— SOURCE MATERIAL —
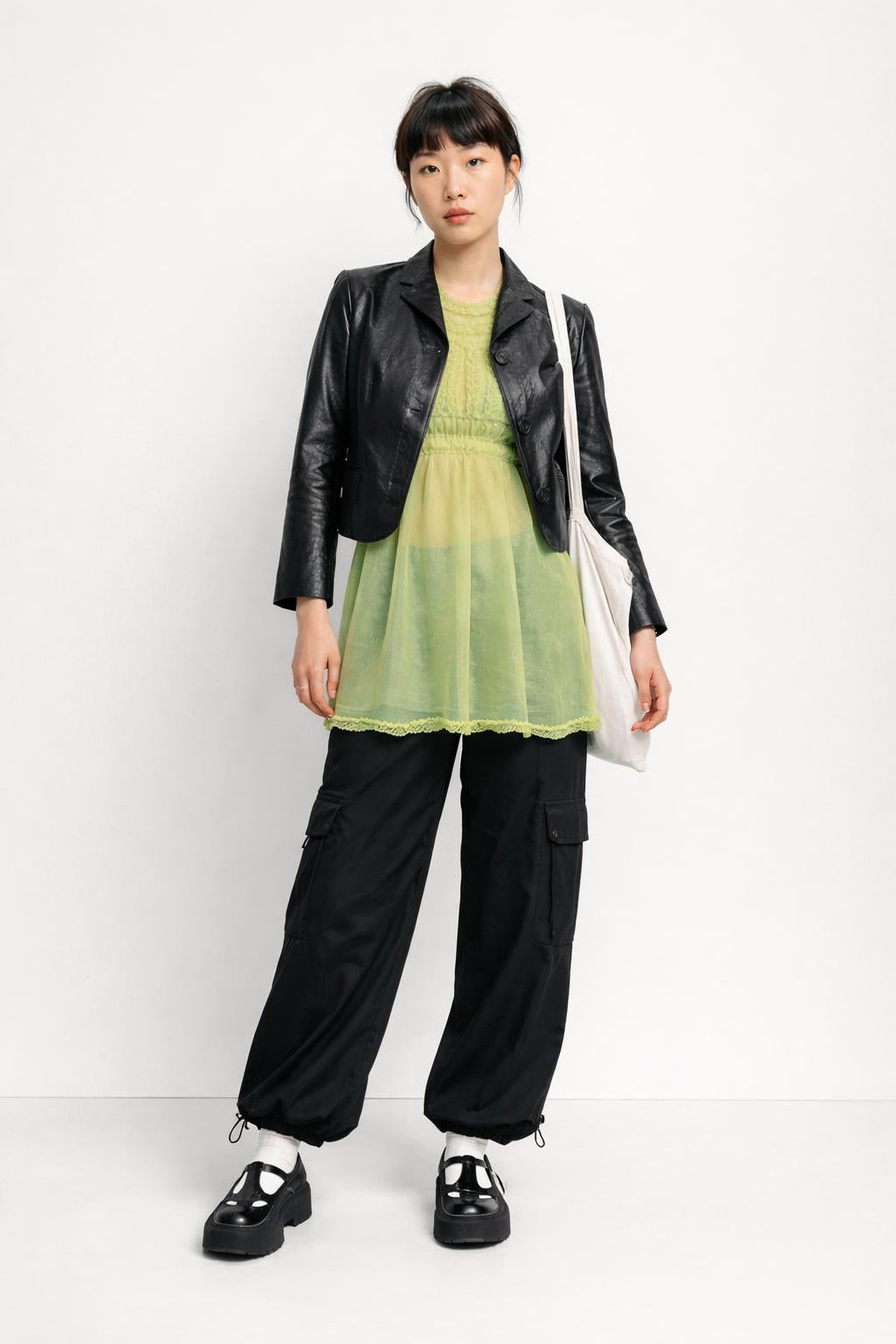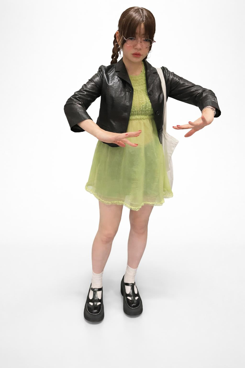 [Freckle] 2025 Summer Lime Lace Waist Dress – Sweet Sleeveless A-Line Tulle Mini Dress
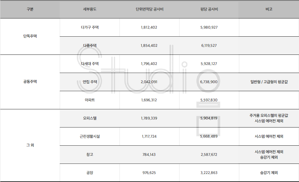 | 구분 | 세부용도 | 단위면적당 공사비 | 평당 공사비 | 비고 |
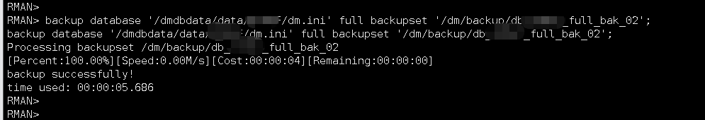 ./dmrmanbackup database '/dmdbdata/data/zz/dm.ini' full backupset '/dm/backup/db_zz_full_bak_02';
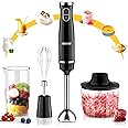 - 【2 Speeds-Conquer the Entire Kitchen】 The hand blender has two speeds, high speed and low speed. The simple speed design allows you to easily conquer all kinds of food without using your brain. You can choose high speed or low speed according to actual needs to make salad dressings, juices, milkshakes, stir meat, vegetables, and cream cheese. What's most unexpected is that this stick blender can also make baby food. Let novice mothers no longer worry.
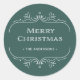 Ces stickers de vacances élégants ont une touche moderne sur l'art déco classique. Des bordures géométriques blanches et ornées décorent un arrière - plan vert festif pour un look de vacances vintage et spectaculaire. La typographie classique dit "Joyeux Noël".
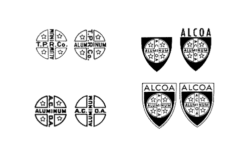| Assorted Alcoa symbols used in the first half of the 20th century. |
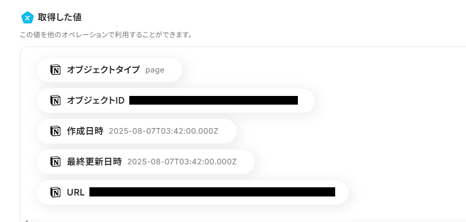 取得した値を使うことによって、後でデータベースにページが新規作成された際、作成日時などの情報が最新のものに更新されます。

— PROBLEM —
Print the listing exactly, but skip its pictures.

— RESULT BELOW —
 [Freckle] 2025 Summer Lime Lace Waist Dress – Sweet Sleeveless A-Line Tulle Mini Dress
 | 구분 | 세부용도 | 단위면적당 공사비 | 평당 공사비 | 비고 |
 ./dmrmanbackup database '/dmdbdata/data/zz/dm.ini' full backupset '/dm/backup/db_zz_full_bak_02';
 - 【2 Speeds-Conquer the Entire Kitchen】 The hand blender has two speeds, high speed and low speed. The simple speed design allows you to easily conquer all kinds of food without using your brain. You can choose high speed or low speed according to actual needs to make salad dressings, juices, milkshakes, stir meat, vegetables, and cream cheese. What's most unexpected is that this stick blender can also make baby food. Let novice mothers no longer worry.
 Ces stickers de vacances élégants ont une touche moderne sur l'art déco classique. Des bordures géométriques blanches et ornées décorent un arrière - plan vert festif pour un look de vacances vintage et spectaculaire. La typographie classique dit "Joyeux Noël".
| Assorted Alcoa symbols used in the first half of the 20th century. |
 取得した値を使うことによって、後でデータベースにページが新規作成された際、作成日時などの情報が最新のものに更新されます。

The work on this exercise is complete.